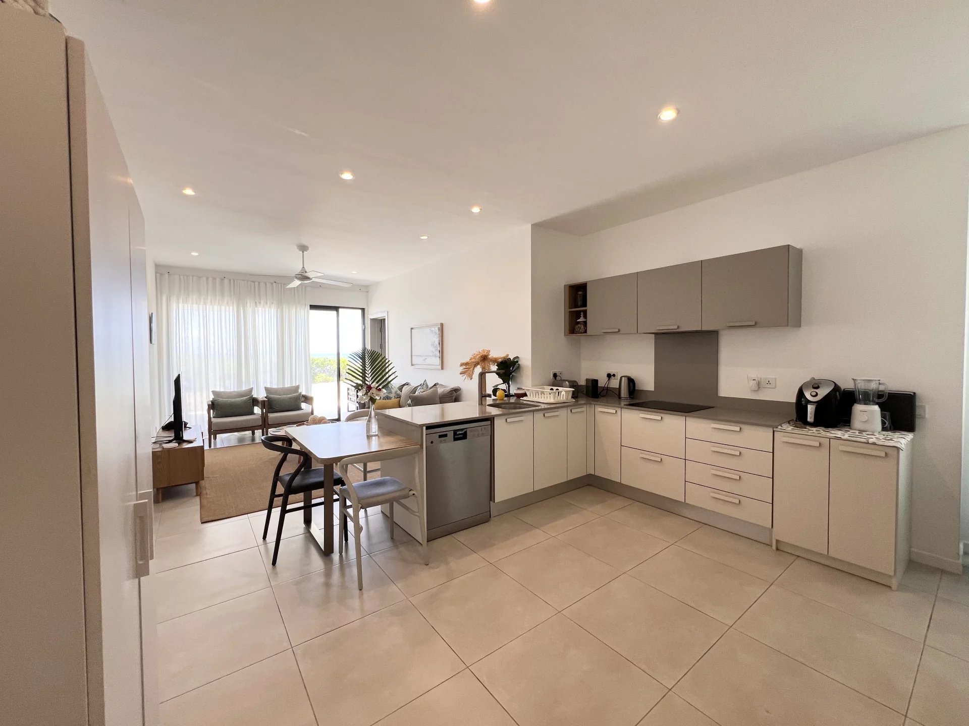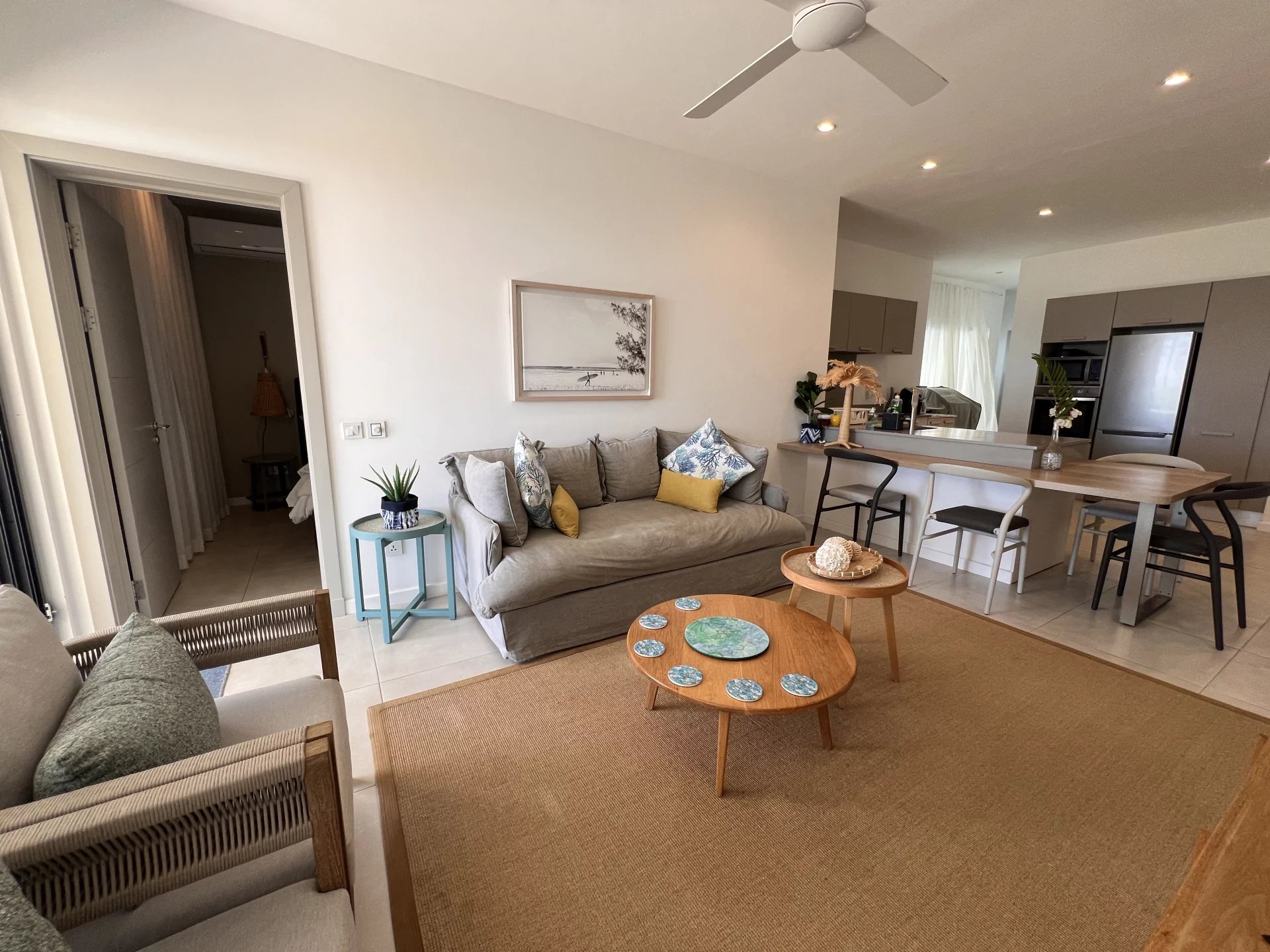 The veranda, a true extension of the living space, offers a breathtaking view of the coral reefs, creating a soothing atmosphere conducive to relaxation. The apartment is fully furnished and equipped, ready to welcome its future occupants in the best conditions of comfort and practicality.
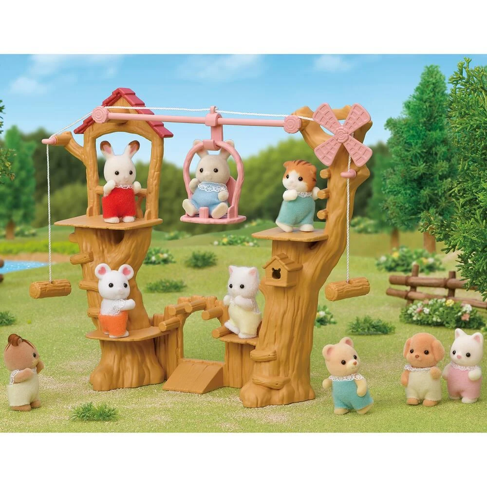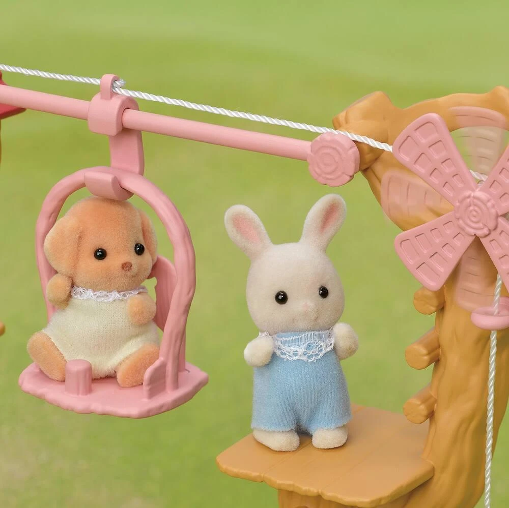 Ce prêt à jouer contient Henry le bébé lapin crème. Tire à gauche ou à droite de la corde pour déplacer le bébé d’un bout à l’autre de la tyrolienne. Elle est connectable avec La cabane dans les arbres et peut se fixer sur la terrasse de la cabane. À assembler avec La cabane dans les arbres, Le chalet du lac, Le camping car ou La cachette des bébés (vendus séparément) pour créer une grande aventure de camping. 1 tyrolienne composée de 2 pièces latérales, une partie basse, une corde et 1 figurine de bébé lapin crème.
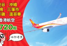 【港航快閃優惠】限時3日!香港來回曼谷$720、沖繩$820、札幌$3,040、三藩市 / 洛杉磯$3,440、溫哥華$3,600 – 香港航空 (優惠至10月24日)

· · · ·

■ PROBLEM TO WORK ON ■
The pictures in the data should be omitted, and every remaining line set down exactly.

■ OUTPUT ■
 The veranda, a true extension of the living space, offers a breathtaking view of the coral reefs, creating a soothing atmosphere conducive to relaxation. The apartment is fully furnished and equipped, ready to welcome its future occupants in the best conditions of comfort and practicality.
 Ce prêt à jouer contient Henry le bébé lapin crème. Tire à gauche ou à droite de la corde pour déplacer le bébé d’un bout à l’autre de la tyrolienne. Elle est connectable avec La cabane dans les arbres et peut se fixer sur la terrasse de la cabane. À assembler avec La cabane dans les arbres, Le chalet du lac, Le camping car ou La cachette des bébés (vendus séparément) pour créer une grande aventure de camping. 1 tyrolienne composée de 2 pièces latérales, une partie basse, une corde et 1 figurine de bébé lapin crème.
 【港航快閃優惠】限時3日!香港來回曼谷$720、沖繩$820、札幌$3,040、三藩市 / 洛杉磯$3,440、溫哥華$3,600 – 香港航空 (優惠至10月24日)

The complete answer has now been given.